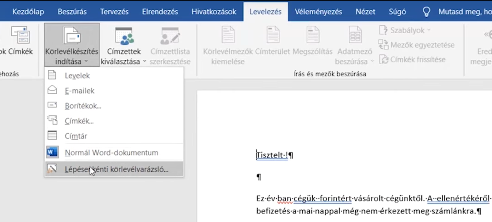 Kattints a Levelezés menüpontra. A harmadik ikon a Körlevélkészítés indítása. Válaszd alul a Lépésenkénti varázslót.
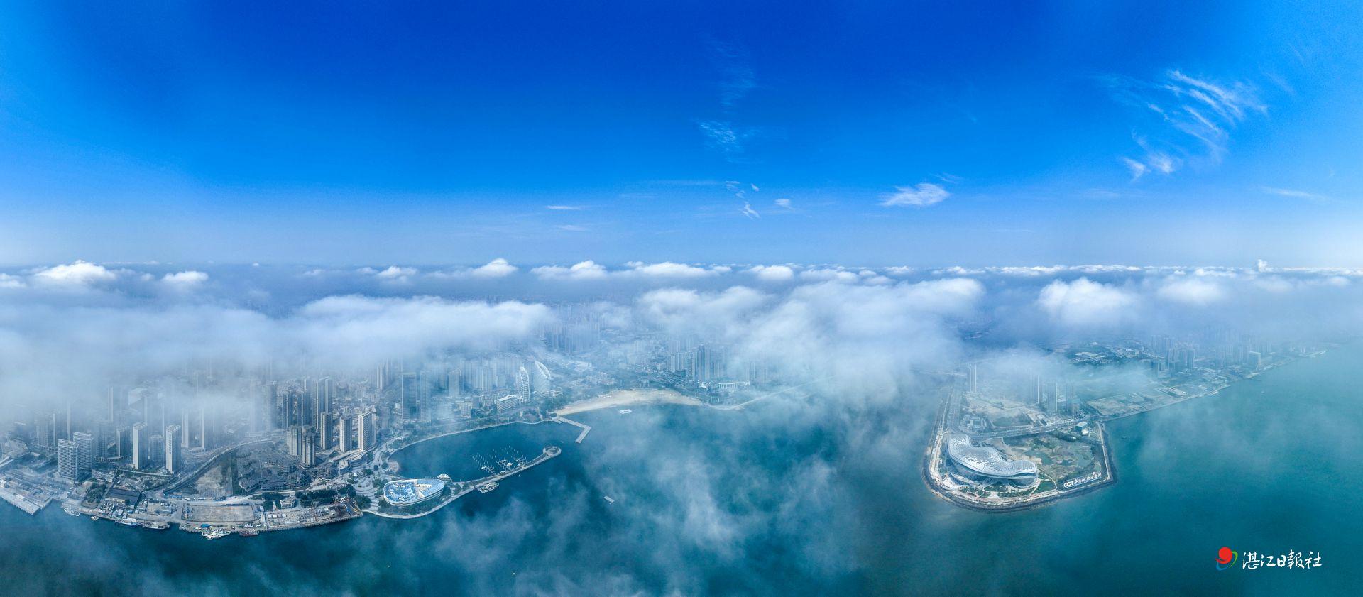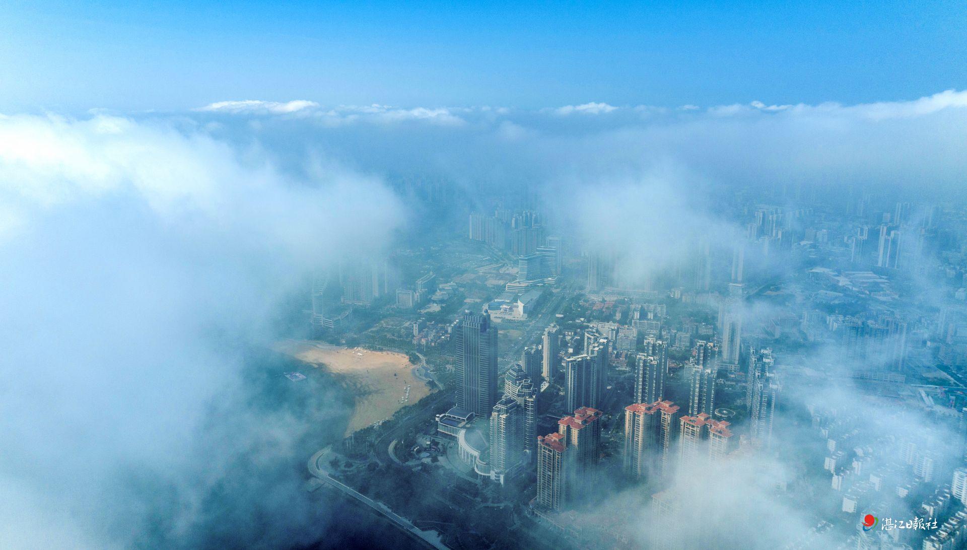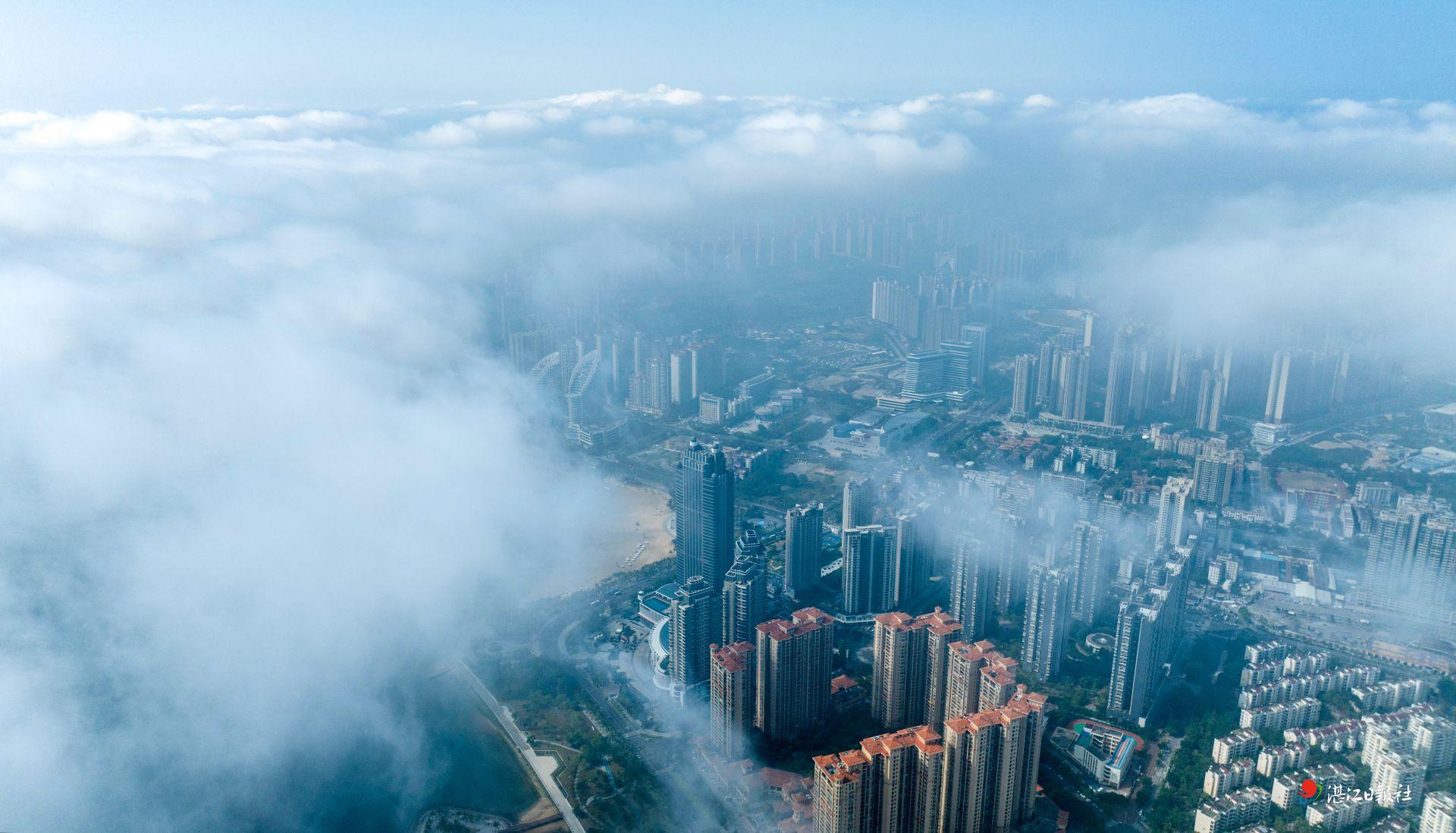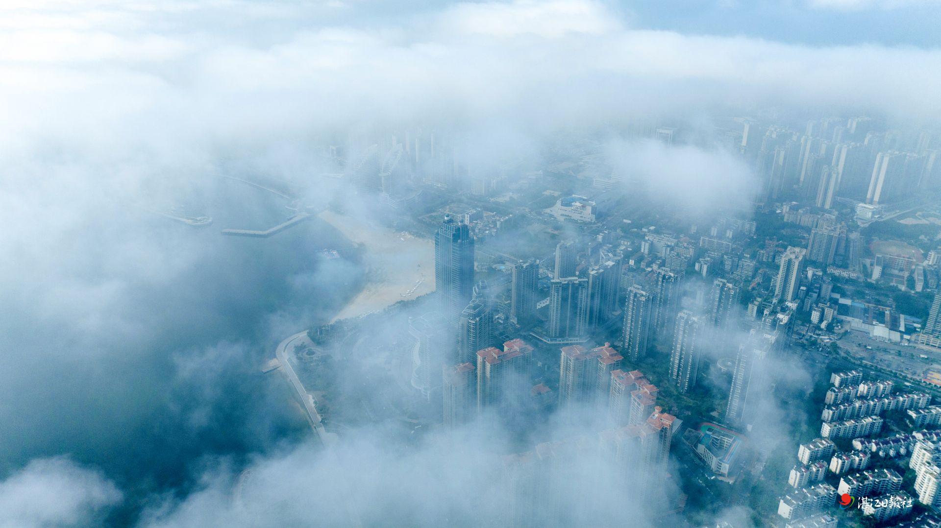 4月22日上午9时许,从无人机的高空视角欣赏港城上空的云海景观。当日,港城上空云层高度不足300米,9时许聚集的云层慢慢散开,透过流动的云层,阳光散射在城市景观之上,朦胧的城市在云海的映衬下若隐若现,美不胜收。
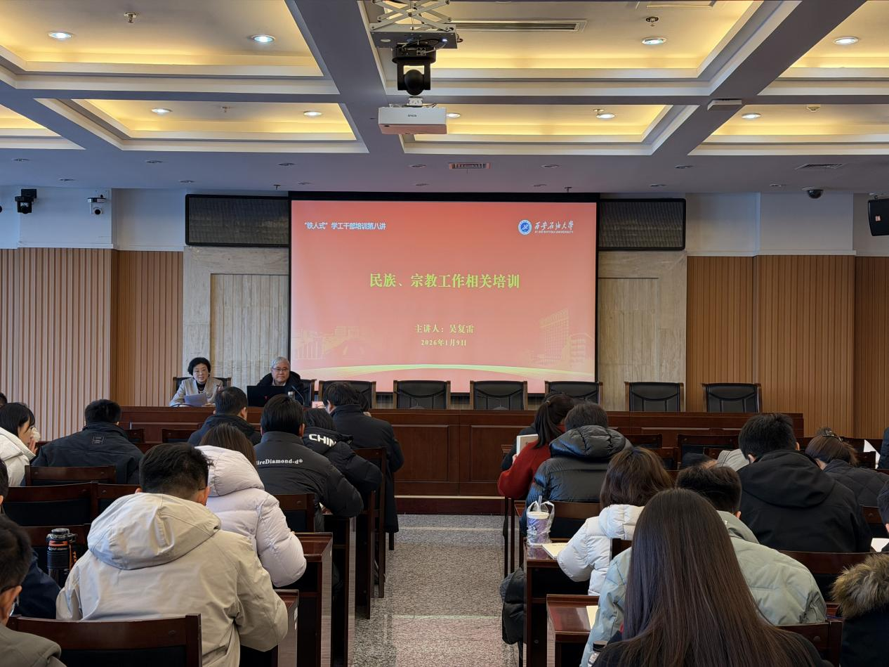 為進(jìn)一步加強(qiáng)學(xué)工干部隊(duì)伍建設(shè),提升我校民族宗教工作規(guī)范化水平,筑牢校園意識(shí)形態(tài)安全防線,1月9日上午,我?!拌F人式”學(xué)工干部培訓(xùn)第八講在鄠邑校區(qū)圖書館第一會(huì)議室舉行。校黨委委員、黨委統(tǒng)戰(zhàn)部部長(zhǎng)吳復(fù)雷以《加強(qiáng)鑄牢中華民族共同體意識(shí)教育、堅(jiān)持我國(guó)宗教中國(guó)化、做好學(xué)校民族宗教工作》為題作專題輔導(dǎo)報(bào)告。學(xué)生工作部副部長(zhǎng)畢軼慧主持培訓(xùn)會(huì),黨委統(tǒng)戰(zhàn)部、黨委學(xué)生工作部、研究生工作部、團(tuán)委及各院(系)學(xué)工干部100余人參加培訓(xùn)。
____________________
- [Prompt]
Word for word, restate the lines from the first line of the material through the line containing "4月22日上午9时许,从无人", with the pictures left out.

- [Solution for this exercise]
 Kattints a Levelezés menüpontra. A harmadik ikon a Körlevélkészítés indítása. Válaszd alul a Lépésenkénti varázslót.
 4月22日上午9时许,从无人机的高空视角欣赏港城上空的云海景观。当日,港城上空云层高度不足300米,9时许聚集的云层慢慢散开,透过流动的云层,阳光散射在城市景观之上,朦胧的城市在云海的映衬下若隐若现,美不胜收。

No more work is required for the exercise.